- Kinyeti Location within South Sudan

Highest point
- Elevation: 3,187 m (10,456 ft)
- Prominence: 2,119 m (6,952 ft)
- Listing: Country high point Ultra Ribu
- Coordinates: 3°56′51″N 32°54′32″E﻿ / ﻿3.94750°N 32.90889°E

Geography
- Location: Ikotos County, Eastern Equatoria, South Sudan
- Parent range: Imatong Mountains

= Kinyeti =

Highest mountain in South Sudan

Mount Kinyeti is the highest peak in South Sudan. It is located in the Imatong Mountains in Ikotos County of Eastern Equatoria, near the Ugandan border.

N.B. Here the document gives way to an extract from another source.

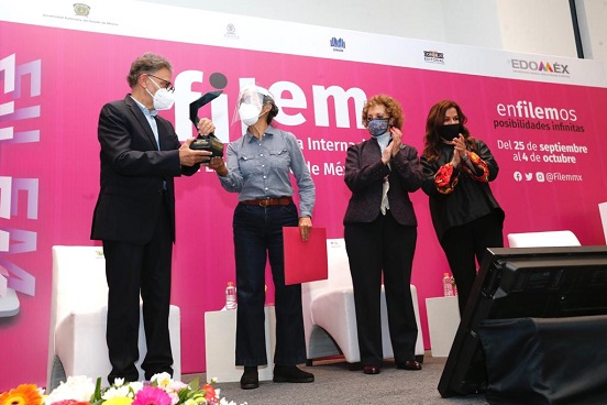Durante esta ceremonia inaugural fue entregado el Premio FILEM 2020 a la escritora y crítica literaria Cristina Rivera Garza, quien a través de su trabajo impulsa las letras y cultura de México. La también académica recibió la escultura “Levitación”, del artista universitario Leonardo Montelongo.
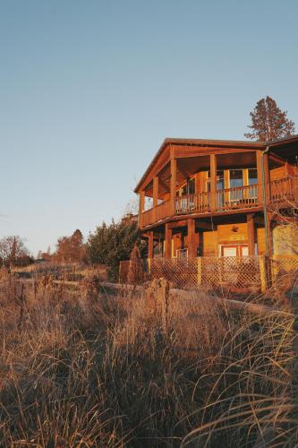 The tranquility and delights of nature in luxury accommodations. Experience a night of unparalleled star gazing, wake up to the soft hues of sunrise streaming through the cabin windows, find yourself immersed in spectacular surroundings. Wildlife everywhere: a herd of 90 elk frequent our fields, lots of deer, bunnies, turkey, quail and so much more--we cannot guarantee anything, but there are bald eagle sightings about once a week! Lake so full of bass—fishing may be too easy. A photographer, hiker, rock hunter, astronomer, and dog walker’s delight, with all the comforts of a home away from home in a very comfortable and luxurious 2-bedroom log cabin. There is a nice patio outside--if you smoke, please do so there. Plenitiful and convenient parking,

Kinyeti has an elevation of 3187 m above sea level.
The group of high mountains that contain Kinyeti, extending to the border with Uganda, are sometimes called the Lomariti or Lolobai mountains.

The lower parts of the mountain were covered with lush forest.
These are the most northern forests of the East African montane forest ecoregion.
The summit is rocky, with montane grassland and scattered, low ericaceous scrubs, low subshrub and herbs in rock crevices.
One of the first Europeans to visit the mountain was the botanist Thomas Ford Chipp, who discovered Coreopsis chippii near the summit.

Panoramic image from the top of the mount

Named after Mount Kinyeti is the Mount Kineti chameleon (Trioceros kinetensis), a threatened species.